▶ [Exercise] Please write out the listing exactly, leaving each picture out.

▶ [Recorded data]
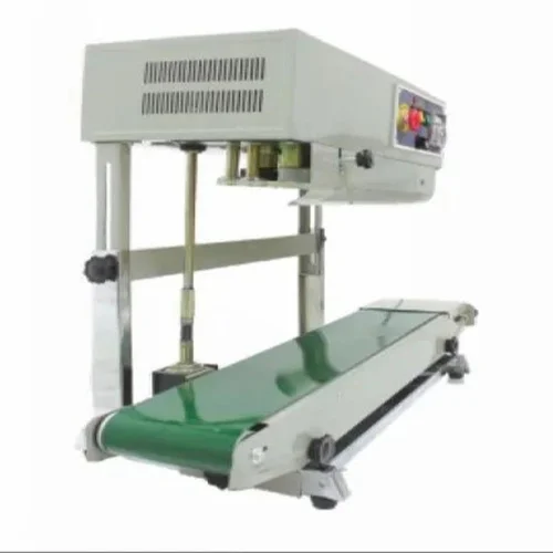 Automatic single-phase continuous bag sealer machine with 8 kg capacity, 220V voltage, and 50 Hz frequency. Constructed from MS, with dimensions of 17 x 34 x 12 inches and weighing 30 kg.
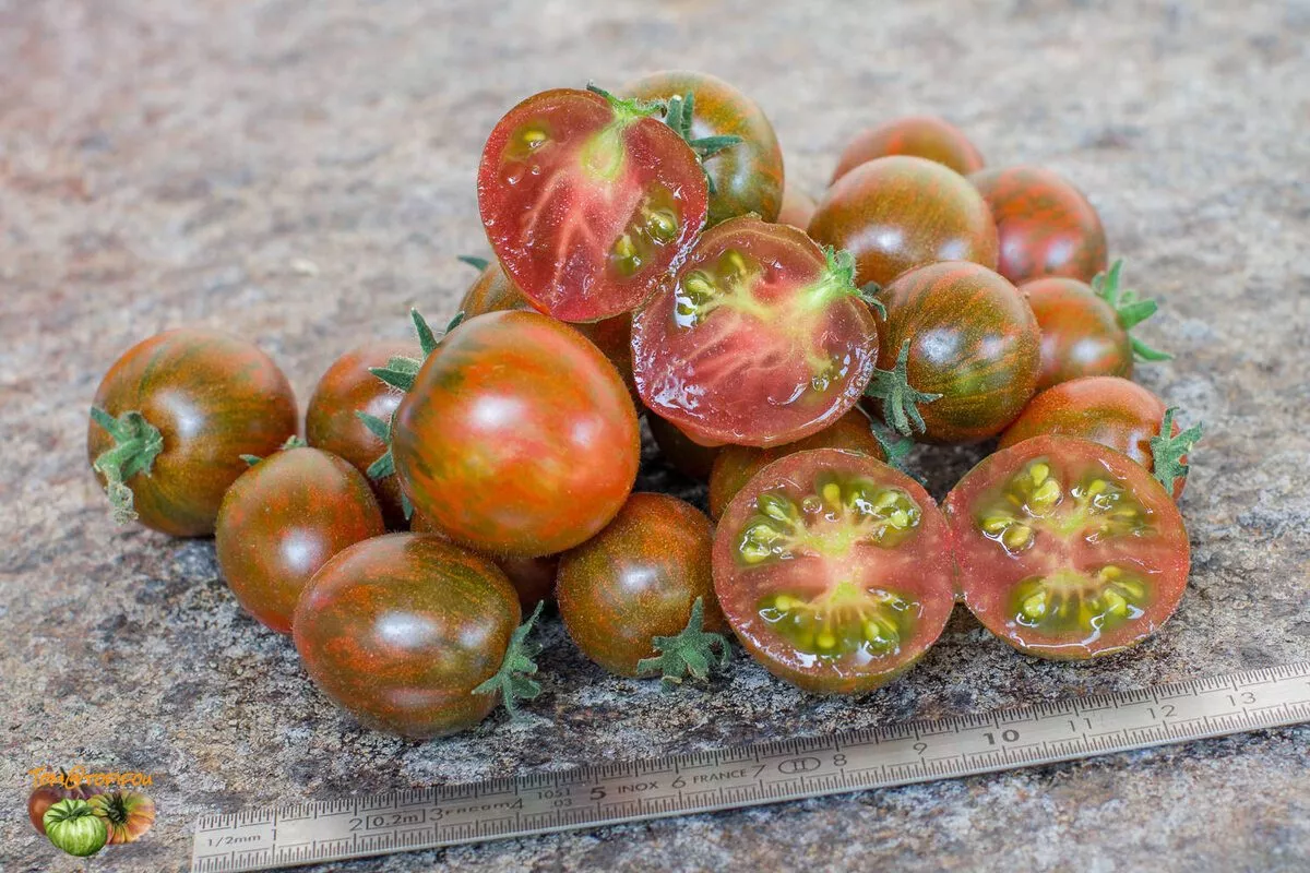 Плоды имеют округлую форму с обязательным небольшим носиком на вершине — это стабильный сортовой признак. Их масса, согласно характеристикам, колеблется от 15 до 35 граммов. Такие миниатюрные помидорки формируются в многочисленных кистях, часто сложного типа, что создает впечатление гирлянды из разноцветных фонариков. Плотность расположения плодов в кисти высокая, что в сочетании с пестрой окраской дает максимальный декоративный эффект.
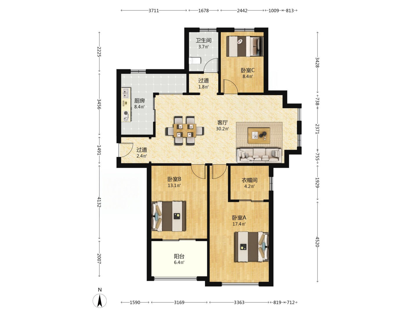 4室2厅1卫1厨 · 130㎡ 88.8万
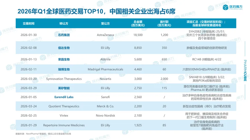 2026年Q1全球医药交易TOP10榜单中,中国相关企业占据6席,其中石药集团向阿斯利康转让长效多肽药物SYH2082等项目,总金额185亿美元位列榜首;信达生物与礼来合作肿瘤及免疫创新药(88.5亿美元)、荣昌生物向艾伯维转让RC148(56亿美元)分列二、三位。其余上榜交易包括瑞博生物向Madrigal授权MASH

▶ [Answer box]
 Automatic single-phase continuous bag sealer machine with 8 kg capacity, 220V voltage, and 50 Hz frequency. Constructed from MS, with dimensions of 17 x 34 x 12 inches and weighing 30 kg.
 Плоды имеют округлую форму с обязательным небольшим носиком на вершине — это стабильный сортовой признак. Их масса, согласно характеристикам, колеблется от 15 до 35 граммов. Такие миниатюрные помидорки формируются в многочисленных кистях, часто сложного типа, что создает впечатление гирлянды из разноцветных фонариков. Плотность расположения плодов в кисти высокая, что в сочетании с пестрой окраской дает максимальный декоративный эффект.
 4室2厅1卫1厨 · 130㎡ 88.8万
 2026年Q1全球医药交易TOP10榜单中,中国相关企业占据6席,其中石药集团向阿斯利康转让长效多肽药物SYH2082等项目,总金额185亿美元位列榜首;信达生物与礼来合作肿瘤及免疫创新药(88.5亿美元)、荣昌生物向艾伯维转让RC148(56亿美元)分列二、三位。其余上榜交易包括瑞博生物向Madrigal授权MASH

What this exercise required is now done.